**GOAL OF THE EXERCISE:**
Look below for the line with "Read moreRestaurante campestre". Retype it and every line after it to the end, exactly, but leave out the pictures.
━━━━━━
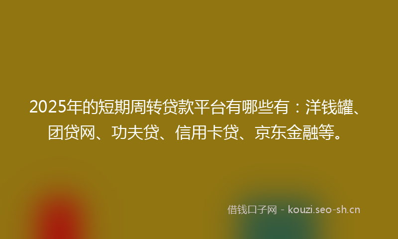 2025年的短期周转贷款平台有哪些有:洋钱罐、团贷网、功夫贷、信用卡贷、京东金融等。
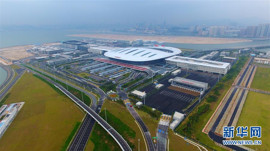 10月24日無人機(jī)拍攝的港珠澳大橋珠海公路口岸。當(dāng)日9時(shí),港珠澳大橋正式通車。 新華社記者梁旭攝
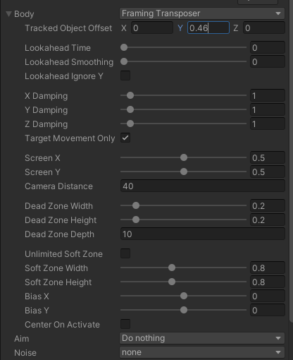Framing Transposer으로 설정해주면 꿈꾸는 섬에서 보았던 카메라와 비슷하게 구현이 가능합니다.
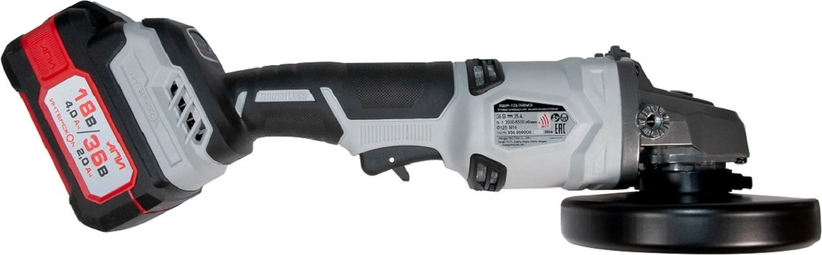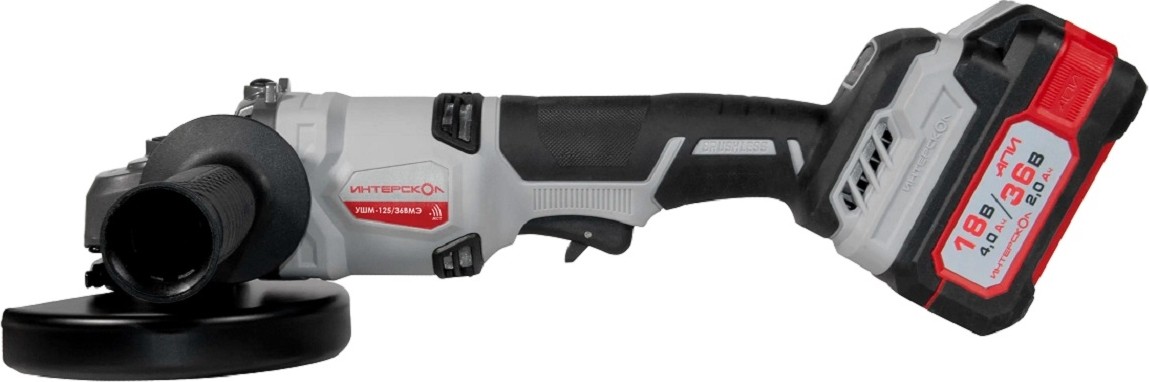 Угловая шлифмашина аккумуляторная ИНТЕРСКОЛ УШМ-125/36ВМЭ бесщеточная 2 АКБ 2,0 Ач, ЗУ
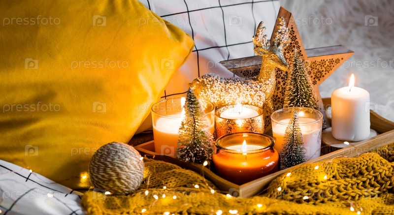 Зажженные свечи и рождественские украшения на деревянном подносе с теплым пледом. Зимний уютный стиль. Концепция хюгге
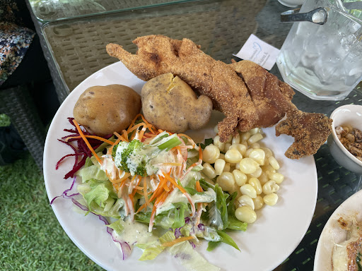 Read moreRestaurante campestre con mucha vegetación bastante cuidada. Cuenta con piscina (completamente sucia cuando yo visite el establecimiento un lunes), área de niños( precio pago de ingreso) y una zona de escenario que está en construcción.
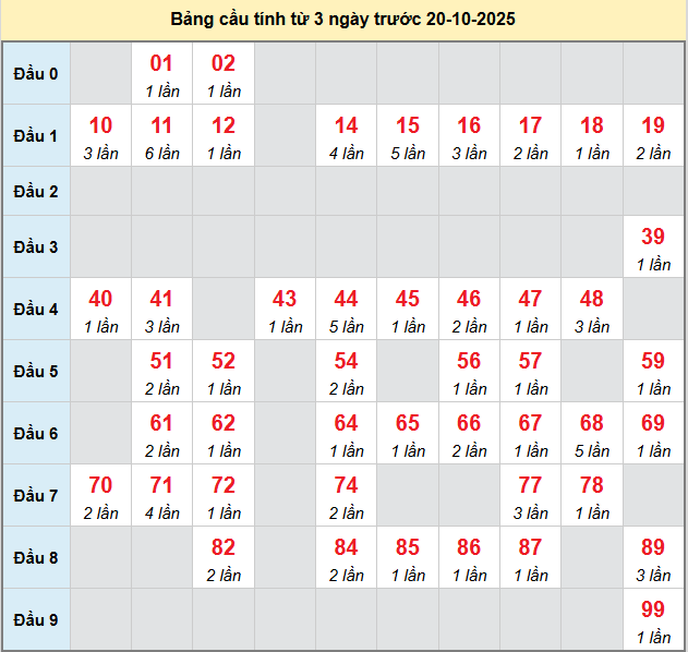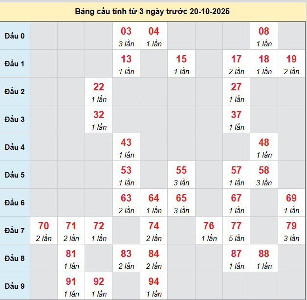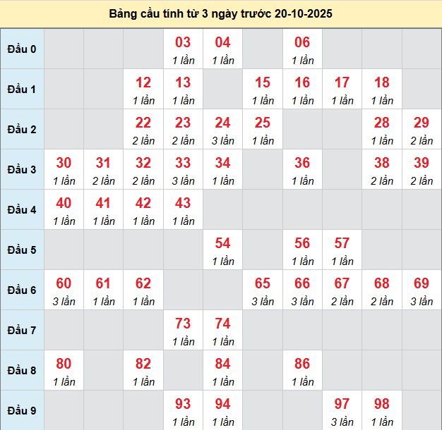 Thống kê soi cầu Miền Nam ngày 20/10 năm 2025 ba đài mở thưởng chiều tối nay chính xác. Những bộ số xuất hiện đều được ghép từ các vị trí trong bảng kết quả từng tỉnh với biên độ thời gian lô rơi liên tục 3 kỳ liên tiếp giúp bạn săn cầu đẹp, bao lô chắc trúng.
━━━━━━
**SOLUTION FOR THIS EXERCISE:**
 Read moreRestaurante campestre con mucha vegetación bastante cuidada. Cuenta con piscina (completamente sucia cuando yo visite el establecimiento un lunes), área de niños( precio pago de ingreso) y una zona de escenario que está en construcción.
 Thống kê soi cầu Miền Nam ngày 20/10 năm 2025 ba đài mở thưởng chiều tối nay chính xác. Những bộ số xuất hiện đều được ghép từ các vị trí trong bảng kết quả từng tỉnh với biên độ thời gian lô rơi liên tục 3 kỳ liên tiếp giúp bạn săn cầu đẹp, bao lô chắc trúng.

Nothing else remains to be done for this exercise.